Mieses Wetter, also Wind und Niederschläge, kommt an den deutschen Küsten meistens aus Westen. Dies könnte auch erklären, warum sich die Windböen an der Nordsee kaum vermehrt haben: Die "Yacht"-Auswertung registrierte einen Anstieg um 31 Prozent bei Windstärke sieben; die Zahl der stärkeren Böen nahm sogar leicht ab.
Kommt der Wind aus Westen, weht er relativ ungestört über das Meer zur Küste. Doch dann reibt er sich am Festland, mit der Folge, dass die ablandigen Winde an der westdeutschen Ostseeküste turbulenter wehen. Das (be-)trifft die Strandbewohner tendenziell mehr als die Wassersportler: "Kleinräumige Wetterverhältnisse sind an Land stärker ausgeprägt als auf See", so Rosenhagen. Sie liefert für die Eindrücke der Segler eine zweite mögliche Erklärung. "Die Ostsee ist stark strukturiert. An ihrer westlichen Küste herrschen bei Westwindwetterlagen ablandige Winde mit wenig Seegang. Dagegen sind viele Küstenabschnitte Mecklenburg-Vorpommerns nach Westen oder Nordwesten exponiert. Sie sind dem Wind - und dem damit verbundenen Seegang - viel stärker ausgesetzt. Da wirkt die See deutlich rauer."
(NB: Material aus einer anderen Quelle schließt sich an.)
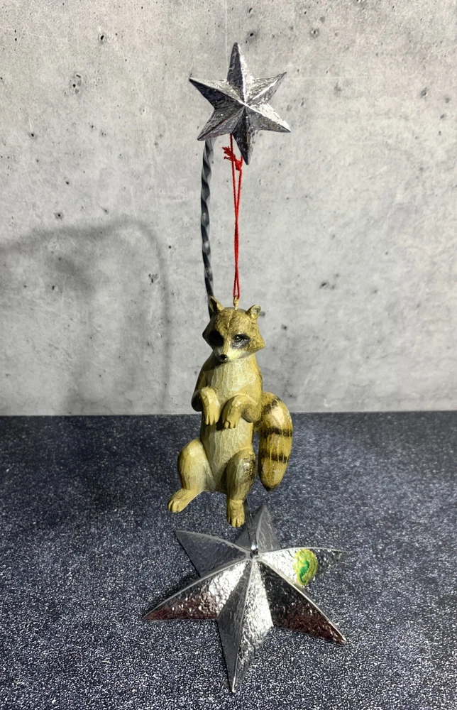 Hand-Painted 3.5in Cute Raccoon Christmas Tree Ornament for wolflend Theme

Wenn es um beobachtete Klimatrends geht, stützen sich Meteorologen bei Temperatur und Niederschlag auf Messungen. Windtrends können am besten indirekt über den Luftdruck abgeleitet werden, betont Rosenhagen: "Windmessungen sind zu kompliziert, um verlässliche Zeitreihen zu liefern. Wenn in der Nähe der Wetterstationen ein neues Gebäude entsteht, kann das bereits die Messung beeinflussen."
Wetterdaten von der See gebe es relativ wenige, so Rosenhagen. "Wir beziehen sie von Inselstationen, einzelnen Messbojen und -pfählen oder von Schiffen. Die Fähre Gedser-Warnemünde meldet seit Jahren Wetterdaten, wenn sie die Hälfte ihrer Strecke zurückgelegt hat. Daraus ist bereits eine kleine Zeitreihe entstanden."
Hinsichtlich der Zukunft des Ostseewetters macht die Hamburger Meteorologin Hoffnung: "Man geht davon aus, dass wir im Sommer eher stabilere Wetterlagen bekommen werden, dass es sonniger und wärmer wird. Im Inland könnte es sogar so warm werden, dass alles an die Ostsee flüchtet, weil es dort am angenehmsten ist."